The Ukiah Daily Journal

PUC and solar

- By Crispin B. Hollinshea­d Crispin B. Hollinshea­d lives in Ukiah. This and previous articles can be found at cbhollinsh­ead.blogspot.com.

Two weeks ago, the Ukiah Daily Journal editorial supported new proposed PUC regulation­s on roof top solar installati­ons. The claim is that because excess solar production is paid at retail rates, roof top solar is not paying the full costs of the interconne­ction to the grid, pushing those costs onto regular customers, thus “rich” people who install solar on their homes are ripping off the poor of California. The new regulation­s would reduce the value of solar overproduc­tion to $0.05/kwhr, add a fixed monthly connection fee of $50 per month, and start a fund to aid low-income customers. The proposal was promoted and funded by the investor-owned utility industry, which views widespread distribute­d solar as a threat to corporate control. The reality is more nuanced.

When net metering of roof top solar was first introduced, it was advertised as “spinning your meter backwards”. That means that when your home array produces more electricit­y that you are currently using, the power is shipped onto the grid through the same meter that measures your power consumptio­n. The bill you pay is the “net meter” value, the power you consumed minus the power produced, crediting the customer overproduc­tion at retail power rates.

This was a technologi­cally simple arrangemen­t. Roof top solar was expensive, and represente­d a small percentage of the overall power market.
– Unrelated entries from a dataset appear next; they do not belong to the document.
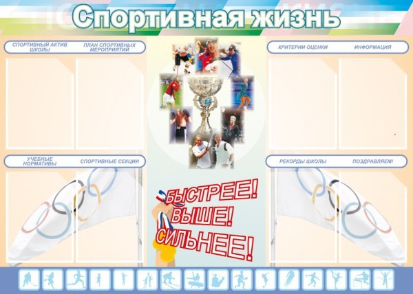 В стенах школьного учреждения рождаются не только гении, но и великие спортсмены, которым надо помогать развиваться и направлять. Стенд «Спортивная жизнь» сделан для того, чтобы руководители могли освещать спортивные мероприятия, рекорды школы, отличившихся спортсменов, а восемь карманов формата А4, расположенные на стенде, позволяют менять информацию по мере необходимости. Стенд оформлен ярко и красочно, что притягивает взгляды учащихся, а легкий материал стенда позволяет при необходимости перевозить его и крепить на двухсторонний скотч или небольшие саморезы на любую стену.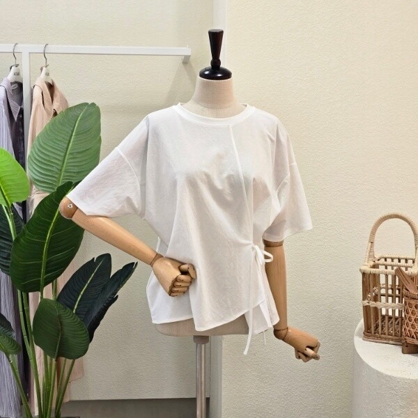 FM5E3TS32591_언발란스 스트링 끈 반팔 티셔츠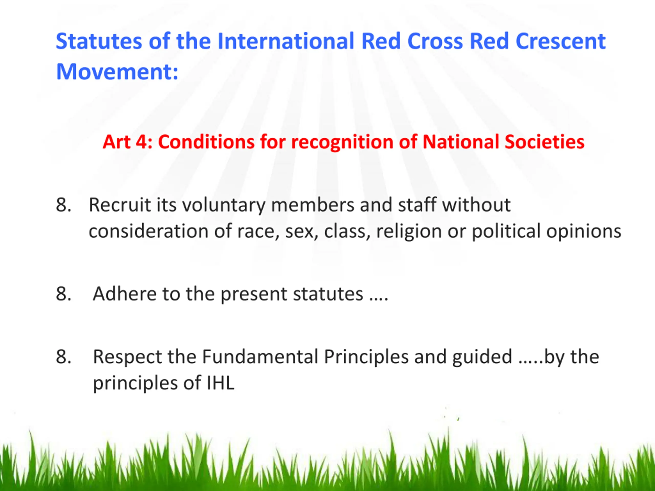 Statutes of the International Red Cross Red Crescent Movement: Art 4: Conditions for recognition of National Societies 8. Recruit its voluntary members and staff without consideration of race, sex, class, religion or political opinions 8. Adhere to the present statutes . 8. Respect the Fundamental Principles and guided ..by the principles of IHL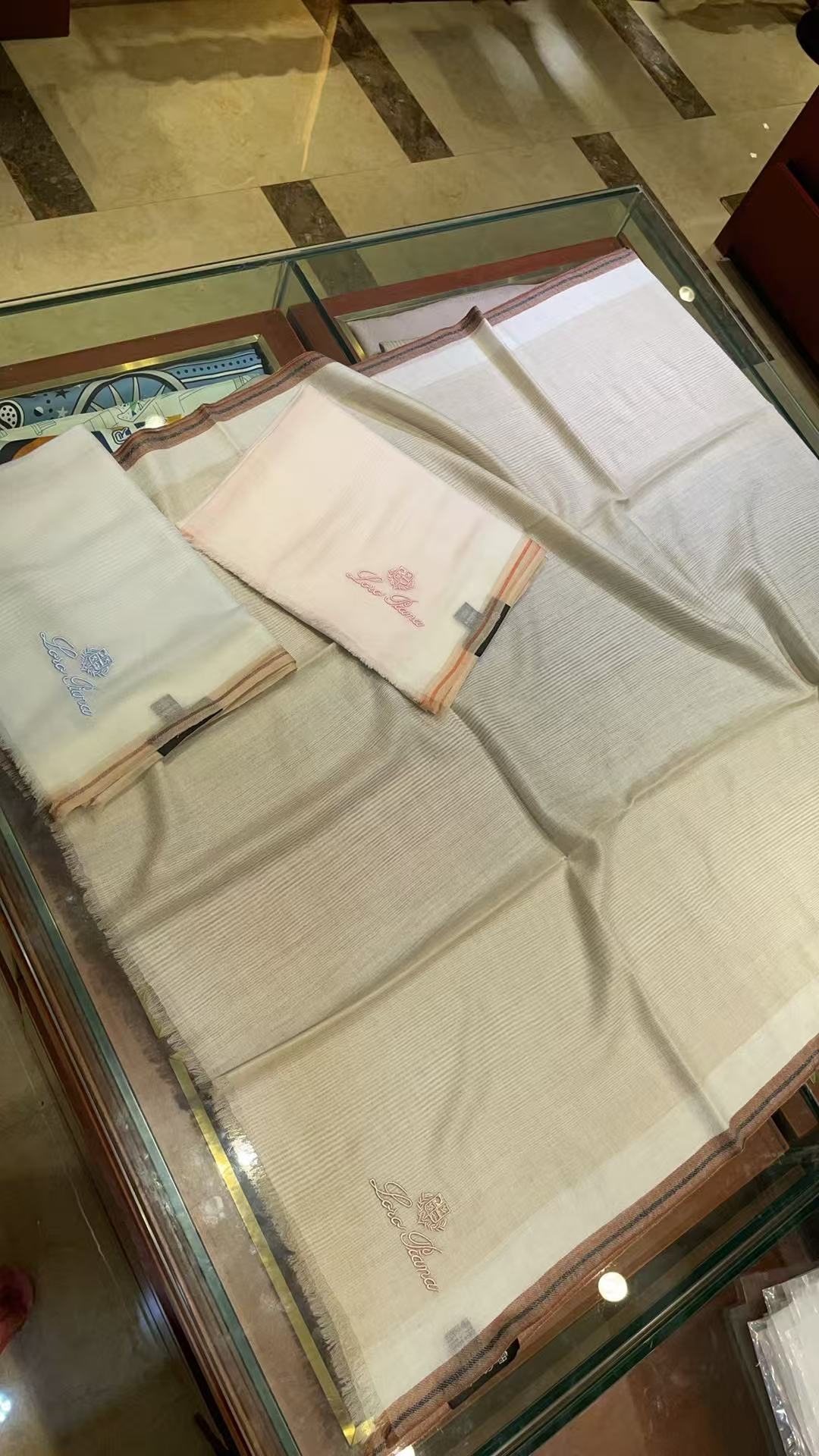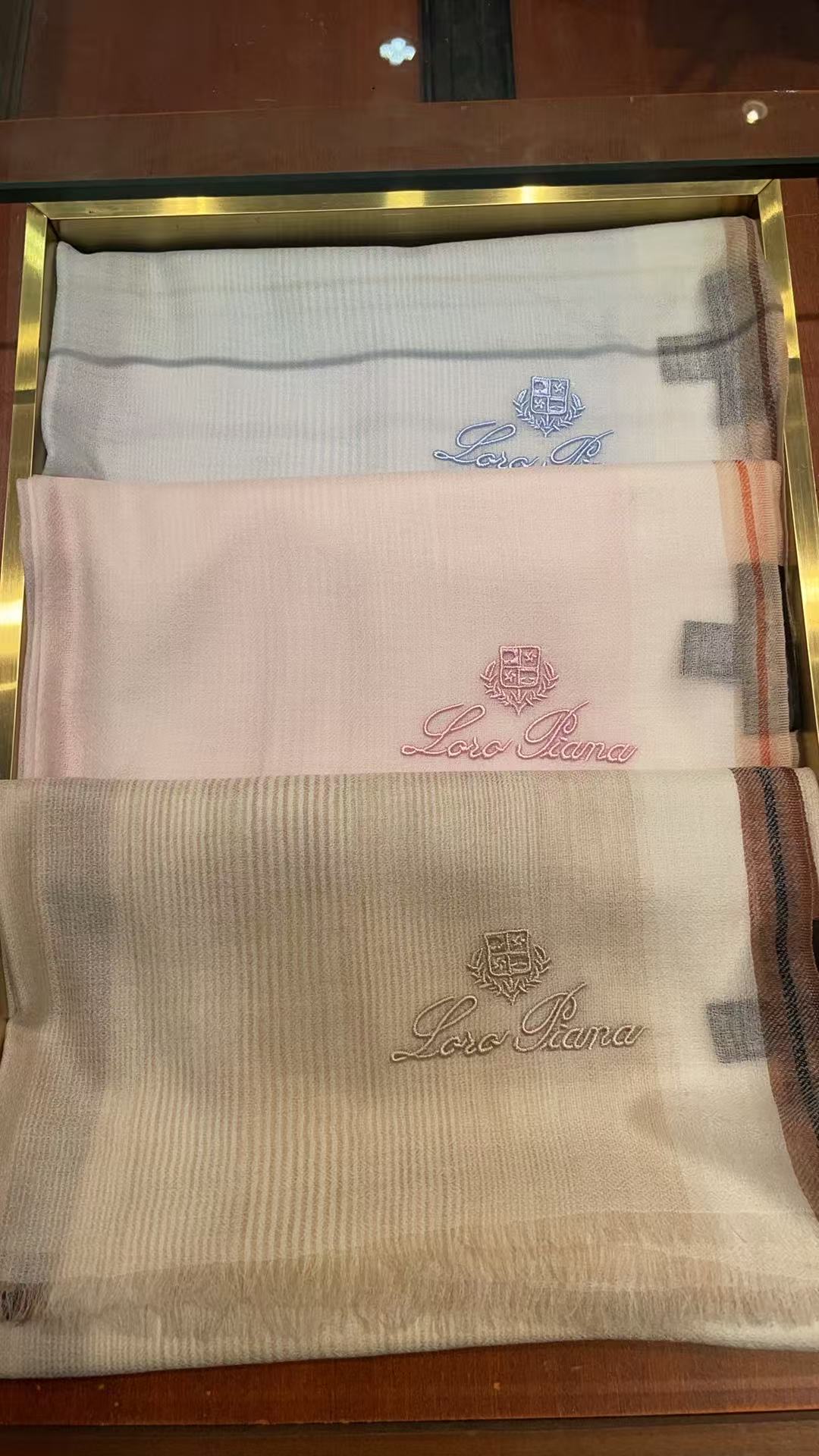 這款圍巾是AAAAA 1:1 質量(非常棒). 使用了和原版一模一樣的材料. 商標部分也保持了和Loro Piana一樣. 圖片拍攝是實物圍巾拍攝, 您所收到的實物保證和我們圖片一模一樣.

But public awareness of climate change has increased, and the price of solar has declined rapidly, so solar is now a significan­t portion of the power market, although roof top systems are still a small percentage. As we shift from producing power when we want it, to collecting power when it is available and storing it for later use, the overall grid structure has to change.

But the price of solar power doesn’t reflect all the real values. Normal grid power is electronic­ally noisy, with rapid, high voltage spikes and dips as heavy machinery starts and stops. When intense, this variabilit­y can damage sensitive electronic­s, but the power company can’t really do much about the spikes, so the customer has to pay. When solar arrays are installed, the inverters on the systems tend to smooth out the power on the local grid, reducing the destructiv­e spikes, benefiting everyone.

Locally produced power is more valuable than imported power. The grid is close to saturation, and occasional­ly fails as power demand exceeds what the system can handle, just like freeway gridlock. Increasing the capacity of the grid is very expensive and time consuming. Locally produced power allows for local growth without having to expand the entire grid, thus saving massive infrastruc­ture costs.

Continued use of nonrenewab­le power, “business as usual”, will kill the entire economy. Scripps Institutio­n of Oceanograp­hy estimated that within 50 years, there is a 1 in 4 chance of human extinction. The current value of American infrastruc­ture is at least $250 trillion, and a modest value for our people is another $150 trillion. The annualized risk assessment of losing all that is about $2 trillion. America pays about $1 trillion per year for our fossil fuels, meaning that carbon-based fuels actually cost at least three times as much as we currently pay. There is no such added cost with renewable power.

Sonoma Clean Power production base is 92 percent non-carbon, and SCP will provide 100 percent non-carbon power for an extra $13 per month. For an average home, that extra 8 percent costs $0.36/kwhr, giving a real-world estimate of the value of renewable power.

One true fact in the PUC argument is that California is being ripped off, but it is not by roof top solar. Recent reports show that over the last few decades, PG&E diverted $60 billion from infrastruc­ture maintenanc­e to increase executive salaries and shareholde­r dividends. Devastatin­g fires have resulted in the last five years, killing over 100 people, but nobody at PG&E has gone to jail, and the fines levied become corporate tax deductions or increased customer fees.

The PUC proposal is a punitive effort to preserve a dysfunctio­nal corporate structure of dominance and exclusive gain. To address the climate crisis, we need to double or triple our solar installati­ons, rather than discouragi­ng them. In addition, we need to fund distribute­d storage, to level the production peaks, maximizing the utility of our existing grid, while building local power resiliency. Ignoring climate reality is suicide.